Material provided:

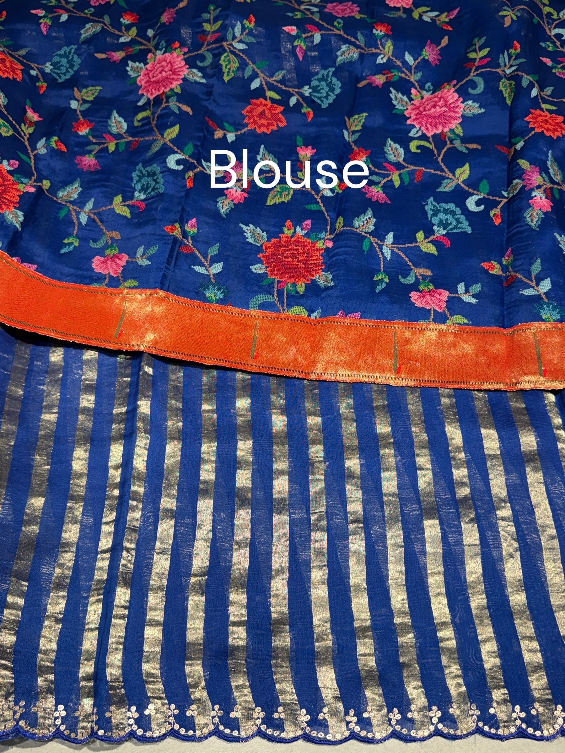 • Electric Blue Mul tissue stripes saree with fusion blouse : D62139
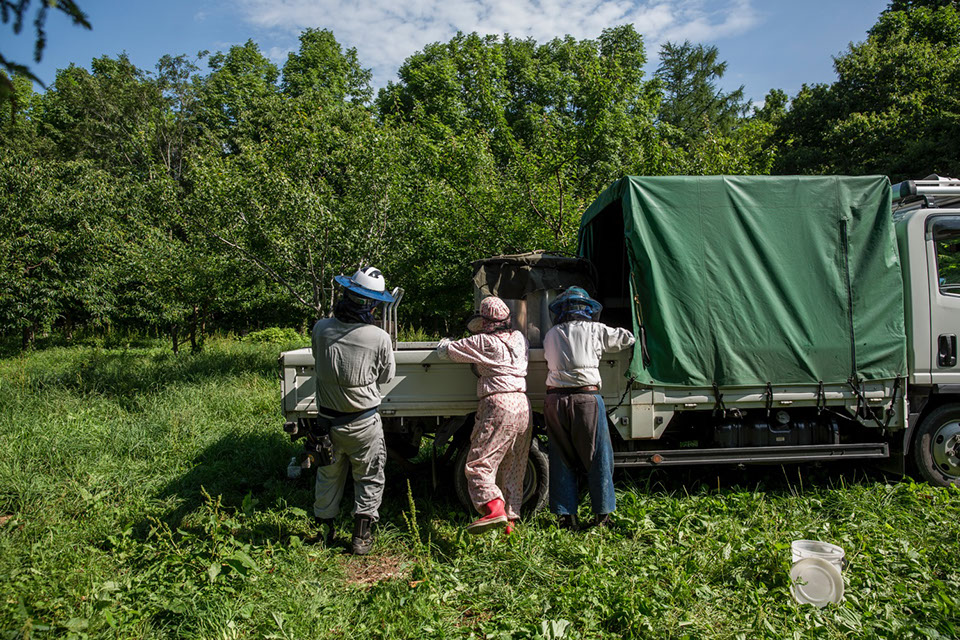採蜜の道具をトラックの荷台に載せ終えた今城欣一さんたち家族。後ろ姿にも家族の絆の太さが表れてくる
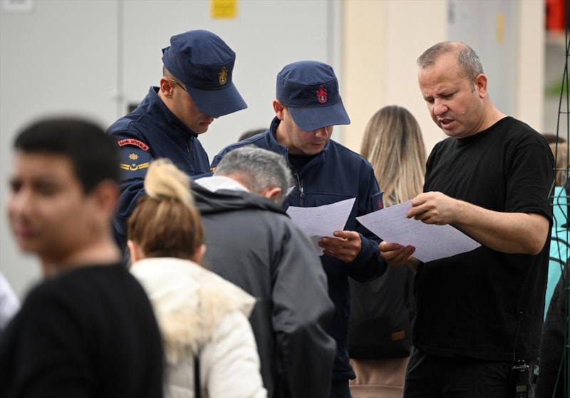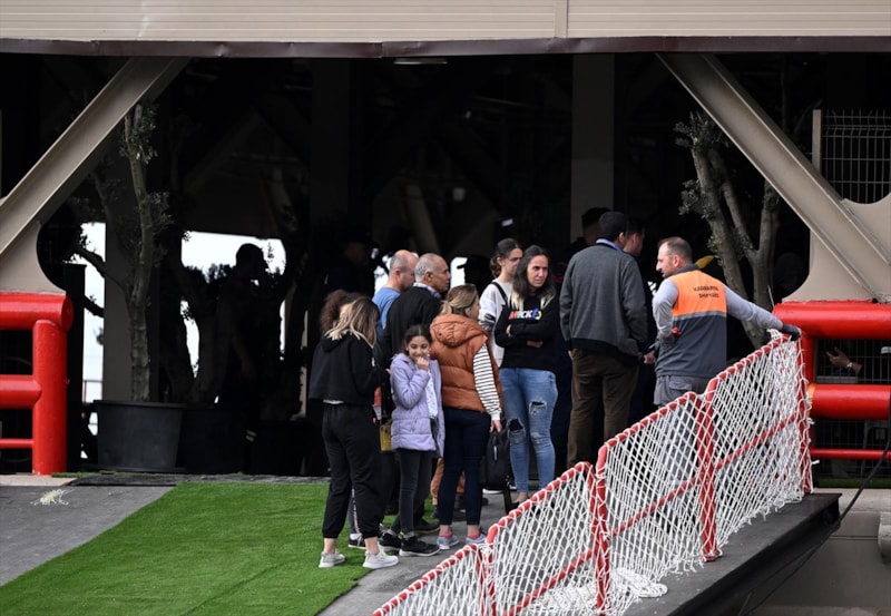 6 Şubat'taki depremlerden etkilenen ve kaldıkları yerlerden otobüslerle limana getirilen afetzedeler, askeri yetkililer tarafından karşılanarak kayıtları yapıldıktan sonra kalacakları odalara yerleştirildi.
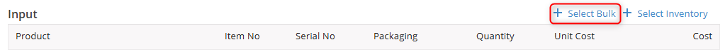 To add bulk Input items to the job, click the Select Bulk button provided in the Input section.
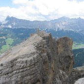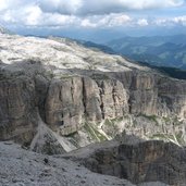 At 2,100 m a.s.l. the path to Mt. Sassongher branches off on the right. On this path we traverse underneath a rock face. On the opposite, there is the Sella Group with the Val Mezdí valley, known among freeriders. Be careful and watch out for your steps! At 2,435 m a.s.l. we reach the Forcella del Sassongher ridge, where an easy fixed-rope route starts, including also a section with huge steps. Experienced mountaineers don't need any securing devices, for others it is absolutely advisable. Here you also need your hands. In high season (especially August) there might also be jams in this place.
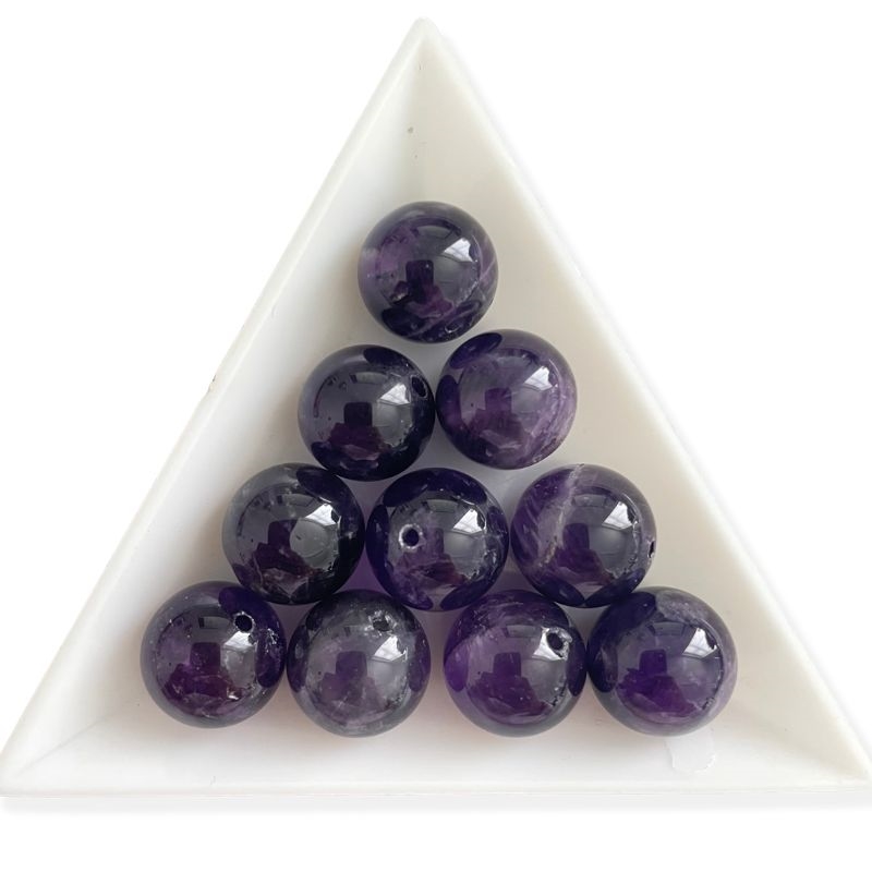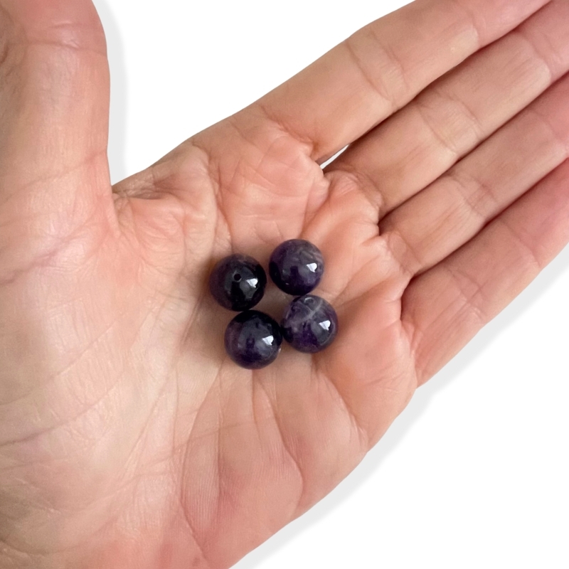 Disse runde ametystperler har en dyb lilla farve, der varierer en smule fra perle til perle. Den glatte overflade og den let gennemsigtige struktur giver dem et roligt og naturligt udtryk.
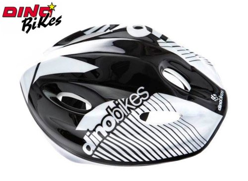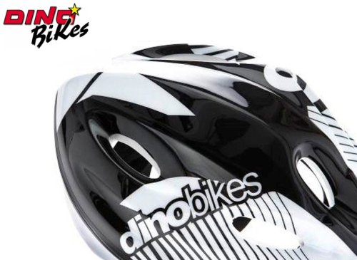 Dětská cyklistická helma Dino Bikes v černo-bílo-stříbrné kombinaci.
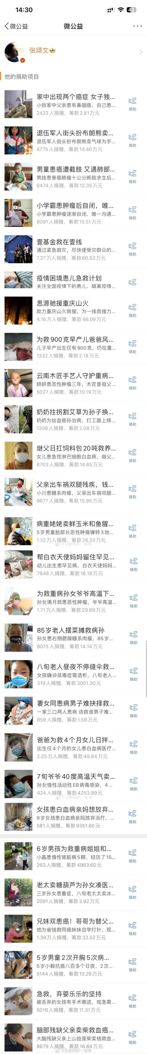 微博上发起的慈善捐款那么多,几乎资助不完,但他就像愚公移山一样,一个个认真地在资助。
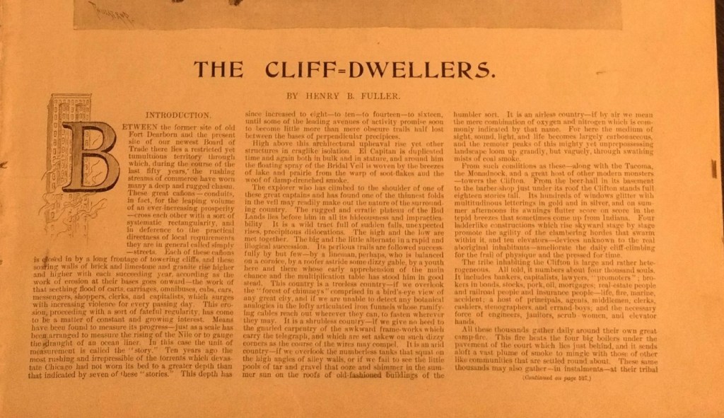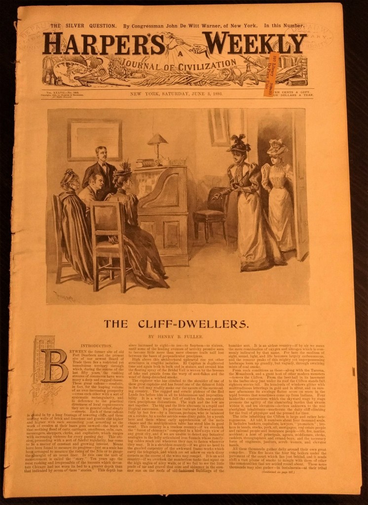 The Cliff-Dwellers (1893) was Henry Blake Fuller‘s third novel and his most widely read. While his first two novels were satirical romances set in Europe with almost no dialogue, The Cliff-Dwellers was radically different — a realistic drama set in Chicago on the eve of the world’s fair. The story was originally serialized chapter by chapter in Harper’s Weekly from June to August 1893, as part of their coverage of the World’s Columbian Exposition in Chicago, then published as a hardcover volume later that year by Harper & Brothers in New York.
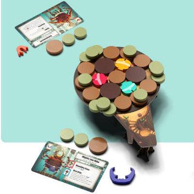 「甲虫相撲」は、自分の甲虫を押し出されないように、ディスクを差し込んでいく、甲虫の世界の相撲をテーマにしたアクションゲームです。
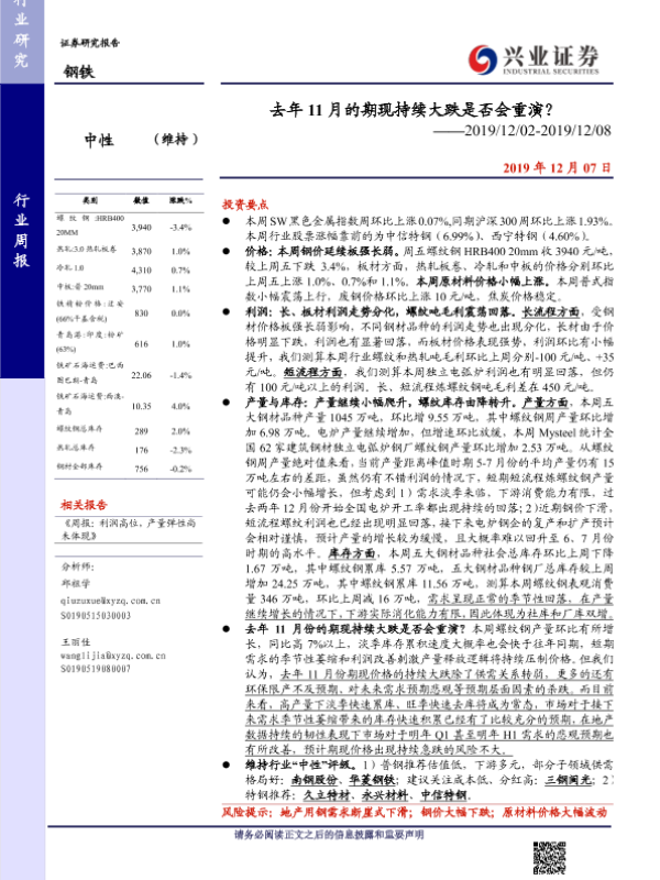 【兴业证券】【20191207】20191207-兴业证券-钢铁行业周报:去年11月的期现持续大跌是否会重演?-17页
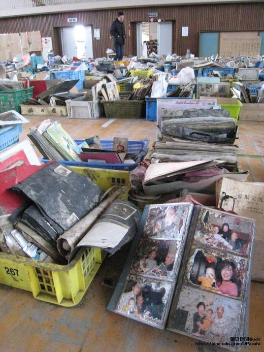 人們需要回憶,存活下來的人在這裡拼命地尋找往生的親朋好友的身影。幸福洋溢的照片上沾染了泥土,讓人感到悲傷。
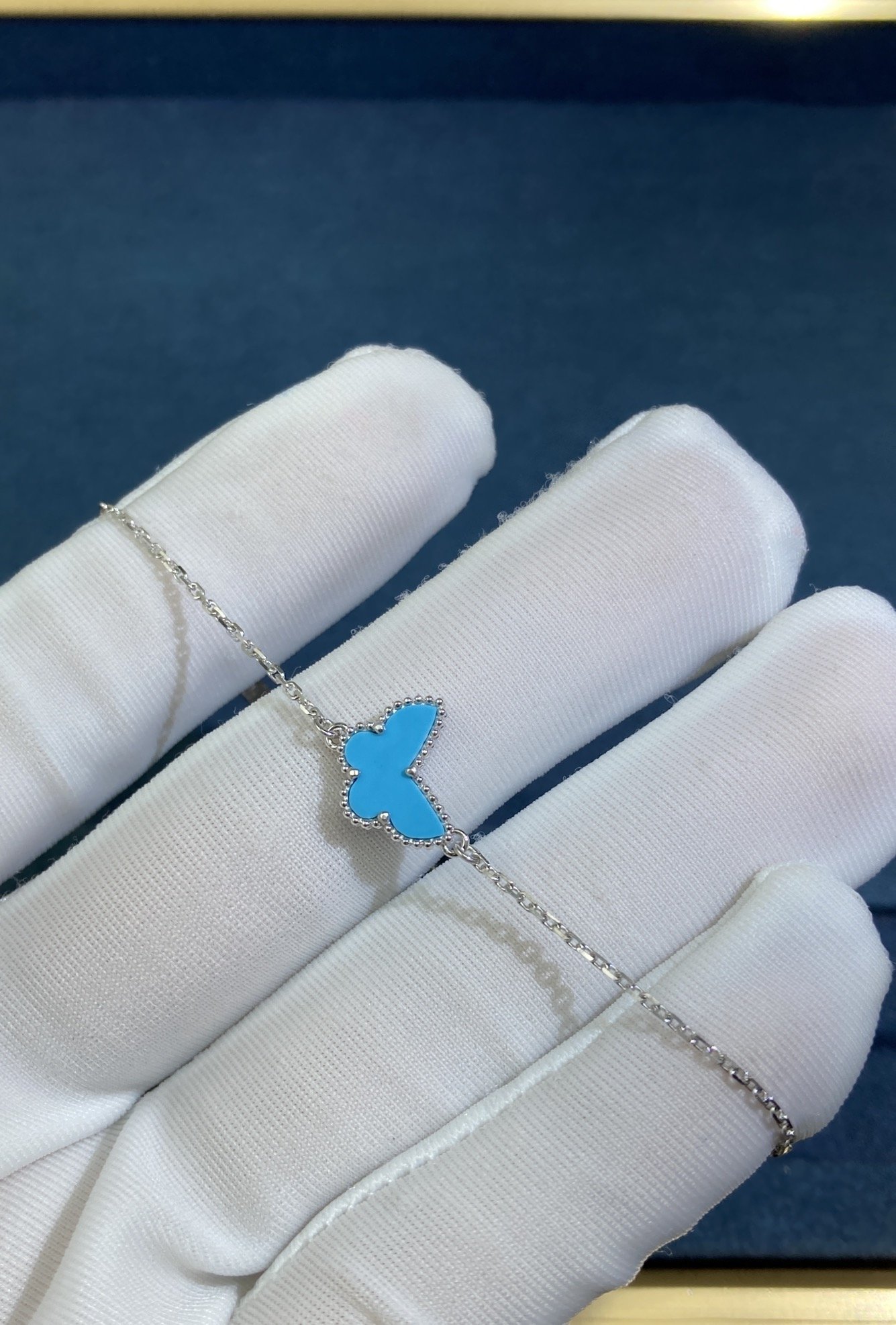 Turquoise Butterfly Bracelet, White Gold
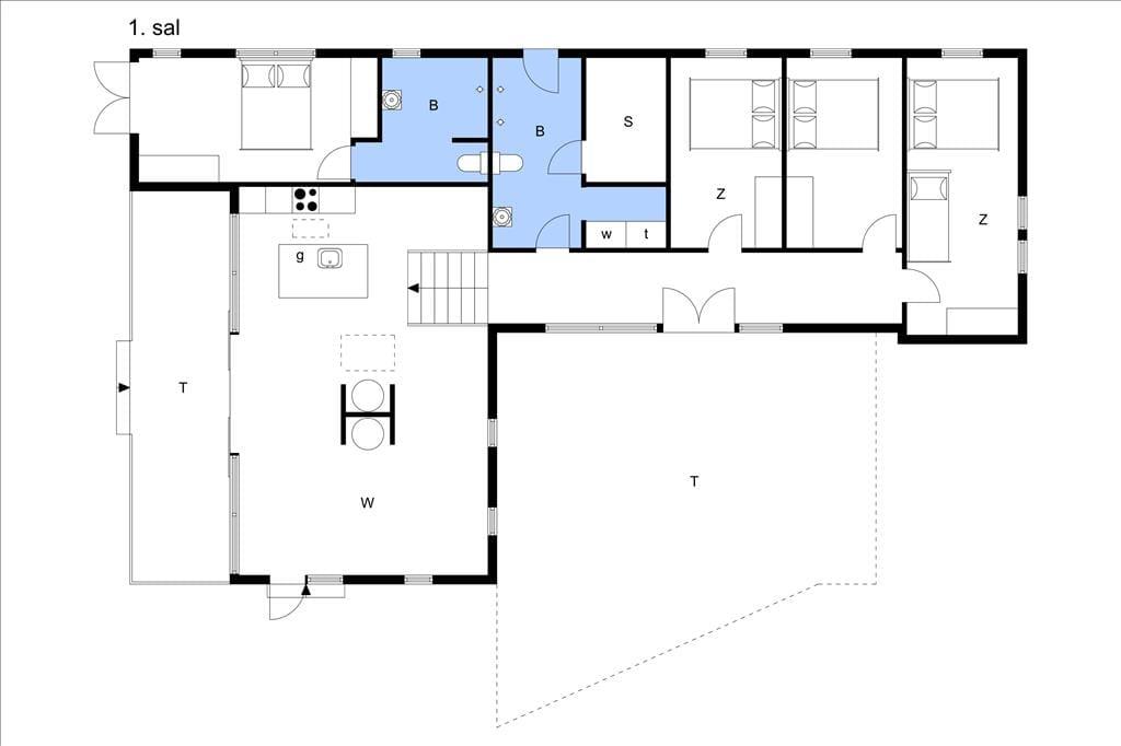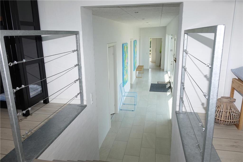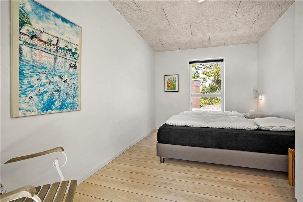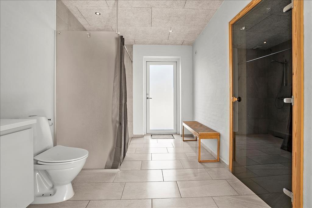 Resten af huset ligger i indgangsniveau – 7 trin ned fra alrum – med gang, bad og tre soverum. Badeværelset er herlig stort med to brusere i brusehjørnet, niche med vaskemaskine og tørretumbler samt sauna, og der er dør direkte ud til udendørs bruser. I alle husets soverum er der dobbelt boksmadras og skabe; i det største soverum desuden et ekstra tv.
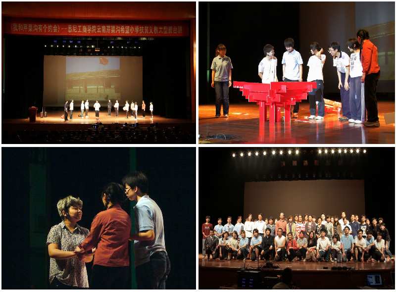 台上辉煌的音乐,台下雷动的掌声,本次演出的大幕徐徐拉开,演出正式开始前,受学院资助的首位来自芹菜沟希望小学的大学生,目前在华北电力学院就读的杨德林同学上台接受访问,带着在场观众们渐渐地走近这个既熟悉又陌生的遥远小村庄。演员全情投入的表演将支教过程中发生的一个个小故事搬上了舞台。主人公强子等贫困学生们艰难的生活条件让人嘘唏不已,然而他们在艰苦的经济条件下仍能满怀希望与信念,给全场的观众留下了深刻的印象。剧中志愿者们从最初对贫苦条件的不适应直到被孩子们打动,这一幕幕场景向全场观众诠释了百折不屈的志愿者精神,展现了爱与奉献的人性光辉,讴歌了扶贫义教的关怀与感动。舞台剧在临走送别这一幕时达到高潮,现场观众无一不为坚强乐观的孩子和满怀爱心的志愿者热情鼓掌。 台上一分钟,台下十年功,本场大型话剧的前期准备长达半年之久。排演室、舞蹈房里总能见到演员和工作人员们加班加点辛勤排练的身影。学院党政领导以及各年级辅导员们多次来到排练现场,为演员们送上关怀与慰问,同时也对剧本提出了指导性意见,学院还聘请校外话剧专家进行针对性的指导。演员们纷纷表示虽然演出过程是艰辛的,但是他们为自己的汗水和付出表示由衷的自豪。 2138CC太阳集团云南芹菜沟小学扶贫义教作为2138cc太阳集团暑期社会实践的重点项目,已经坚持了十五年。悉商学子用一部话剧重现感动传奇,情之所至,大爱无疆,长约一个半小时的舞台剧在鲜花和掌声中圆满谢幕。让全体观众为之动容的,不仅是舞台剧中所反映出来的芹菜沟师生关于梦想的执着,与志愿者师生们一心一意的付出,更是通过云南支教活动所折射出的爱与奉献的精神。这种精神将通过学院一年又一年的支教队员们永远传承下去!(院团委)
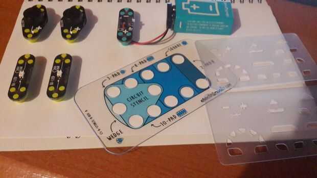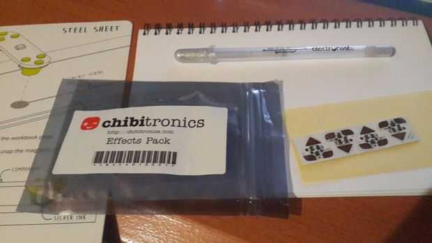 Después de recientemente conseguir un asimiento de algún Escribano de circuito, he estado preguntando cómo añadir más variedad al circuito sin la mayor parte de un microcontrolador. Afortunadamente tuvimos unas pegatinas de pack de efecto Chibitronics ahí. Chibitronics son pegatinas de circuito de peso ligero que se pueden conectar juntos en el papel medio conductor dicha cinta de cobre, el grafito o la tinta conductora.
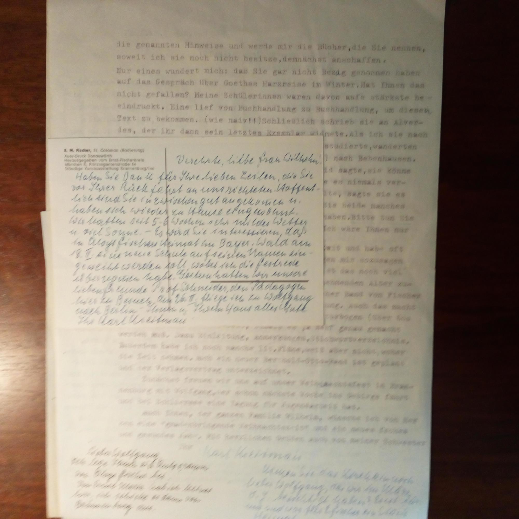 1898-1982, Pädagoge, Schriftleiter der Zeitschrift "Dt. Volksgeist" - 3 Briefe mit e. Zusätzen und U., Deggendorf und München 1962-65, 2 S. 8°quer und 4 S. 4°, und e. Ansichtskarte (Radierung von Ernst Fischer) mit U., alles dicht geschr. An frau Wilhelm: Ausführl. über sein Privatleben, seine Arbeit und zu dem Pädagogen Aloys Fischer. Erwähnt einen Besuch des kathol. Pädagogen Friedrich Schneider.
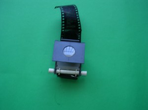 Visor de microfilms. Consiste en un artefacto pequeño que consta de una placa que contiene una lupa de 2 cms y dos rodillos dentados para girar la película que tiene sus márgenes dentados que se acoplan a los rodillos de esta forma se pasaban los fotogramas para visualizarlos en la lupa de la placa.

Exercise details: Each line from the top of the records through the one containing "人們需要回憶,存活下來的人在" needs to be transcribed exactly, without pictures.

Response:
 • Electric Blue Mul tissue stripes saree with fusion blouse : D62139
採蜜の道具をトラックの荷台に載せ終えた今城欣一さんたち家族。後ろ姿にも家族の絆の太さが表れてくる
 6 Şubat'taki depremlerden etkilenen ve kaldıkları yerlerden otobüslerle limana getirilen afetzedeler, askeri yetkililer tarafından karşılanarak kayıtları yapıldıktan sonra kalacakları odalara yerleştirildi.
 To add bulk Input items to the job, click the Select Bulk button provided in the Input section.
 At 2,100 m a.s.l. the path to Mt. Sassongher branches off on the right. On this path we traverse underneath a rock face. On the opposite, there is the Sella Group with the Val Mezdí valley, known among freeriders. Be careful and watch out for your steps! At 2,435 m a.s.l. we reach the Forcella del Sassongher ridge, where an easy fixed-rope route starts, including also a section with huge steps. Experienced mountaineers don't need any securing devices, for others it is absolutely advisable. Here you also need your hands. In high season (especially August) there might also be jams in this place.
 Disse runde ametystperler har en dyb lilla farve, der varierer en smule fra perle til perle. Den glatte overflade og den let gennemsigtige struktur giver dem et roligt og naturligt udtryk.
 Dětská cyklistická helma Dino Bikes v černo-bílo-stříbrné kombinaci.
 微博上发起的慈善捐款那么多,几乎资助不完,但他就像愚公移山一样,一个个认真地在资助。
 The Cliff-Dwellers (1893) was Henry Blake Fuller‘s third novel and his most widely read. While his first two novels were satirical romances set in Europe with almost no dialogue, The Cliff-Dwellers was radically different — a realistic drama set in Chicago on the eve of the world’s fair. The story was originally serialized chapter by chapter in Harper’s Weekly from June to August 1893, as part of their coverage of the World’s Columbian Exposition in Chicago, then published as a hardcover volume later that year by Harper & Brothers in New York.
 「甲虫相撲」は、自分の甲虫を押し出されないように、ディスクを差し込んでいく、甲虫の世界の相撲をテーマにしたアクションゲームです。
 【兴业证券】【20191207】20191207-兴业证券-钢铁行业周报:去年11月的期现持续大跌是否会重演?-17页
 人們需要回憶,存活下來的人在這裡拼命地尋找往生的親朋好友的身影。幸福洋溢的照片上沾染了泥土,讓人感到悲傷。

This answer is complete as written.